What needs to be done: Below is a listing with pictures in it; transcribe exactly the lines from the one that has "英国原油UKOIL   4小时图" through the one that has "春秋薄款羊毛针织开衫女韩版圆领宽松短款羊绒衫外搭毛衣外套上衣", and omit those pictures.

Data provided:
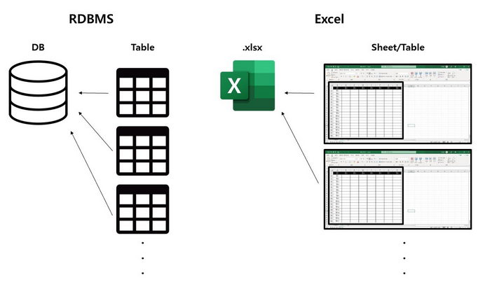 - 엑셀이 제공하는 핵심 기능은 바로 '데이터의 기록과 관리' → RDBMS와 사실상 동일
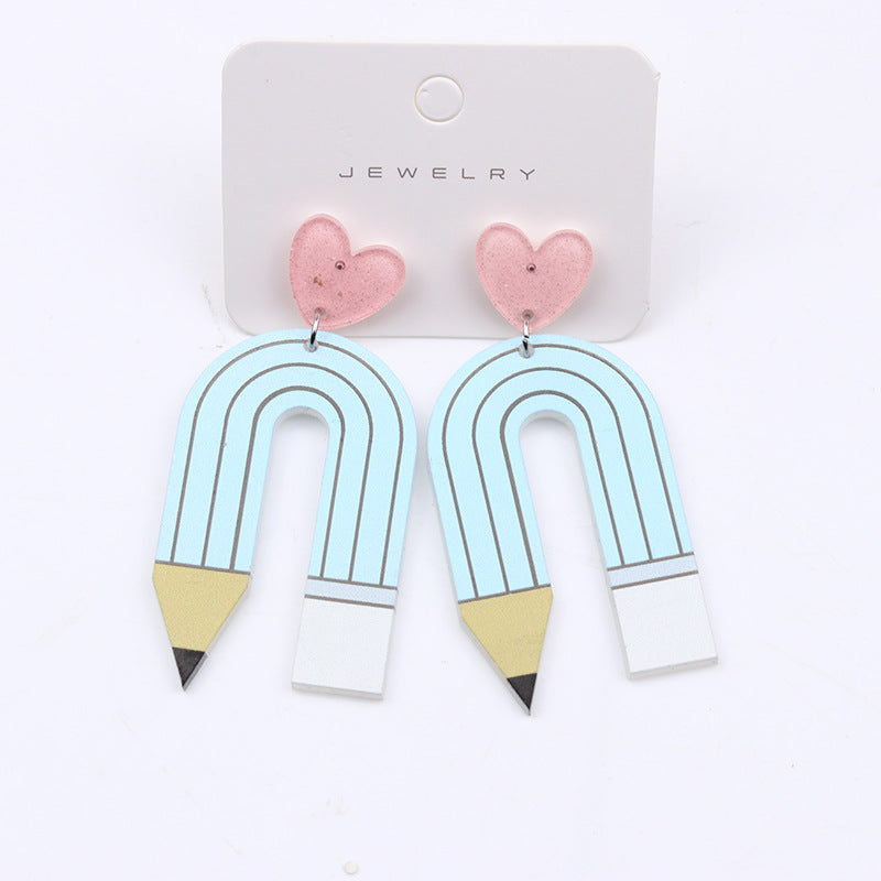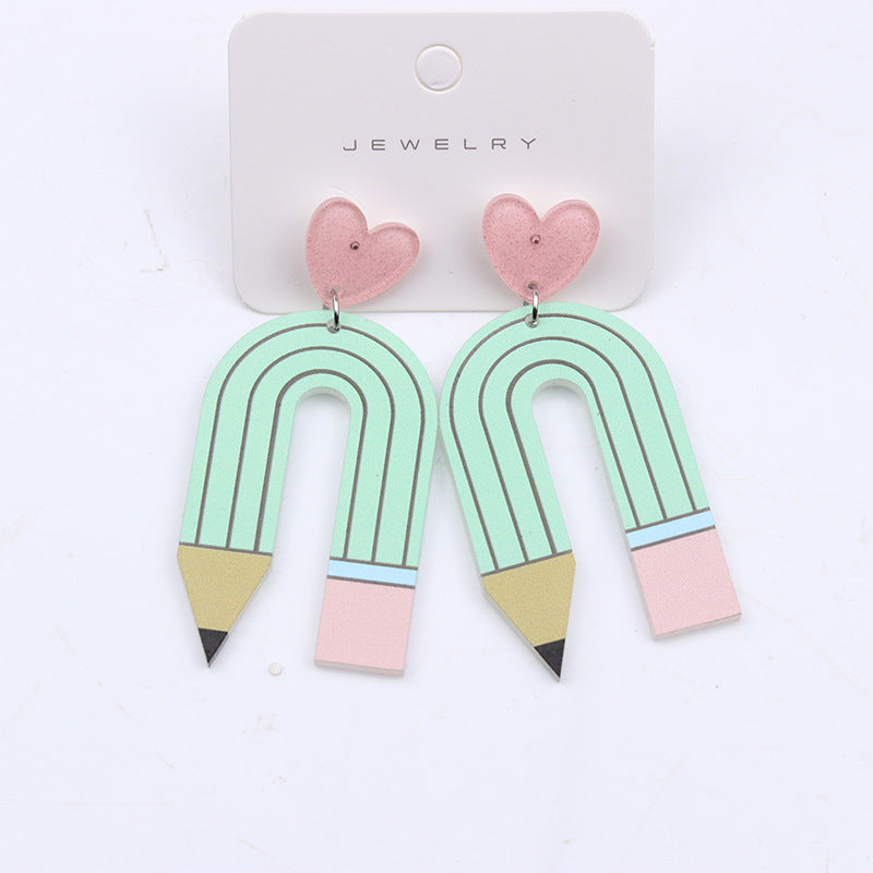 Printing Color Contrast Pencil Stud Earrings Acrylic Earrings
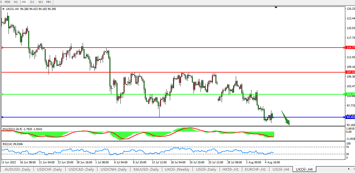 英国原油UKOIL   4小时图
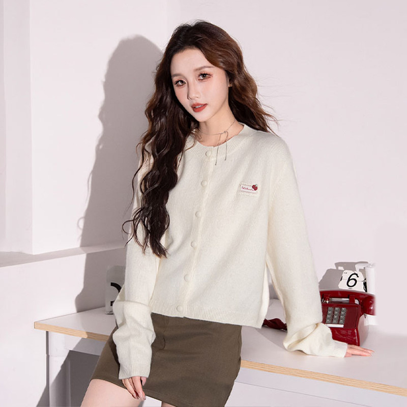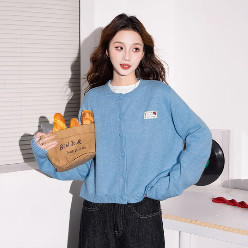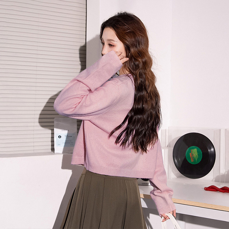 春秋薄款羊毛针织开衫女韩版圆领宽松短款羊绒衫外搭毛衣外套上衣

--

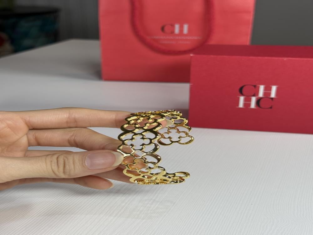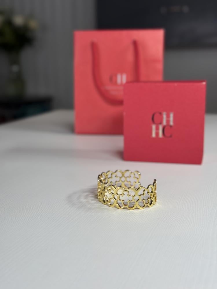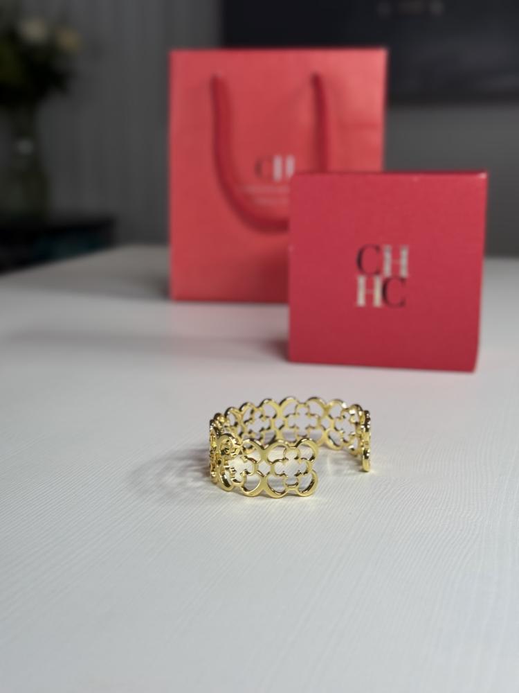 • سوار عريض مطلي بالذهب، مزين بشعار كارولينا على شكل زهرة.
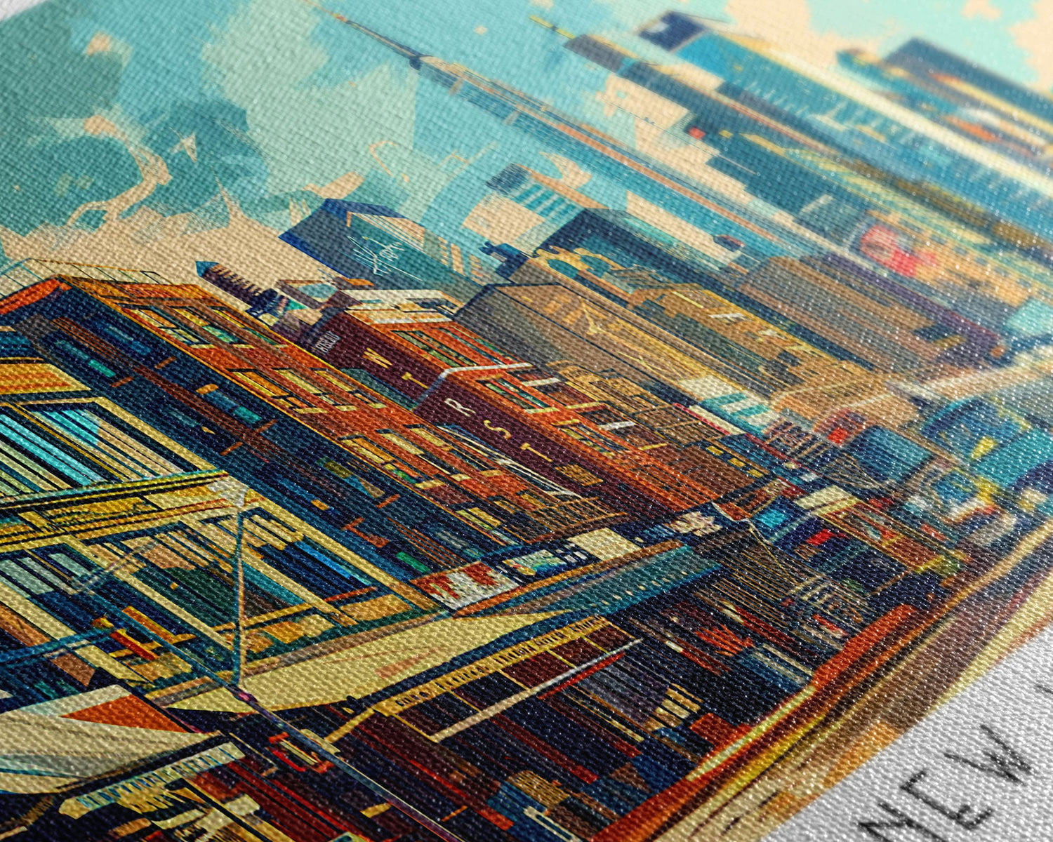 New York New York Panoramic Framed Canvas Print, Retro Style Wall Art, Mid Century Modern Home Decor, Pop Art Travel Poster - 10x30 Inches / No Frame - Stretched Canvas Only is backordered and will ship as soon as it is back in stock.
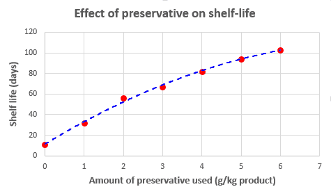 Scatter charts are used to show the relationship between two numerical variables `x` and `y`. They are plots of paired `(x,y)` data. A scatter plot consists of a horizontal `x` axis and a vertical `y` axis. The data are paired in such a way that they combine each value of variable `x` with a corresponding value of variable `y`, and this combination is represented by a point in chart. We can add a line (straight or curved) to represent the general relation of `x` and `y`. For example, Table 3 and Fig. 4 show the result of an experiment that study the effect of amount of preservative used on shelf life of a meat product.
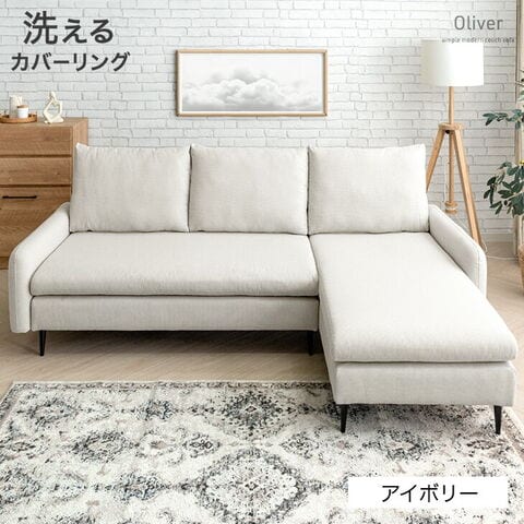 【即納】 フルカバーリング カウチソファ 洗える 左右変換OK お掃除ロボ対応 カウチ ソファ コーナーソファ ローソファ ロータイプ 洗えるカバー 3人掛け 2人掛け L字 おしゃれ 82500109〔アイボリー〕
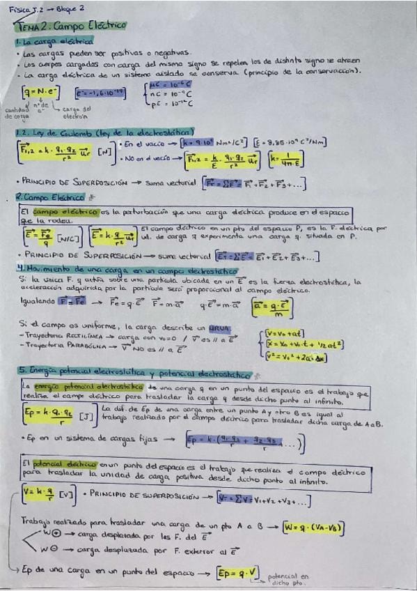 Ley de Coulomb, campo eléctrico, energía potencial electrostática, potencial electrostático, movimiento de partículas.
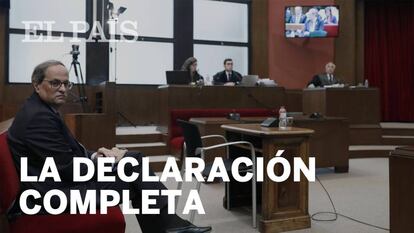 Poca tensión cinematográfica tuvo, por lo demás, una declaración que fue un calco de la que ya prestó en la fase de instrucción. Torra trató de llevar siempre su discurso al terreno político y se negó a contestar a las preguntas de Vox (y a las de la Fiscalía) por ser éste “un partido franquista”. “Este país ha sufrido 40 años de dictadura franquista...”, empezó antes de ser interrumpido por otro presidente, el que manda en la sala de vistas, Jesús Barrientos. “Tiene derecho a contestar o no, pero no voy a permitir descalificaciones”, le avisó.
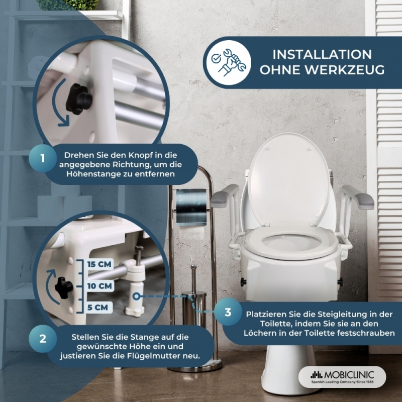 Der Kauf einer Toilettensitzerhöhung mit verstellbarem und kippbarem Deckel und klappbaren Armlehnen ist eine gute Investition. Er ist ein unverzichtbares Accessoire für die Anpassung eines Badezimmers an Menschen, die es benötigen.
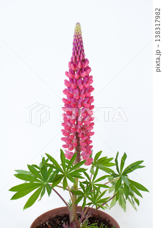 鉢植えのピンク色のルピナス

Solved exercise:
 英国原油UKOIL   4小时图
 春秋薄款羊毛针织开衫女韩版圆领宽松短款羊绒衫外搭毛衣外套上衣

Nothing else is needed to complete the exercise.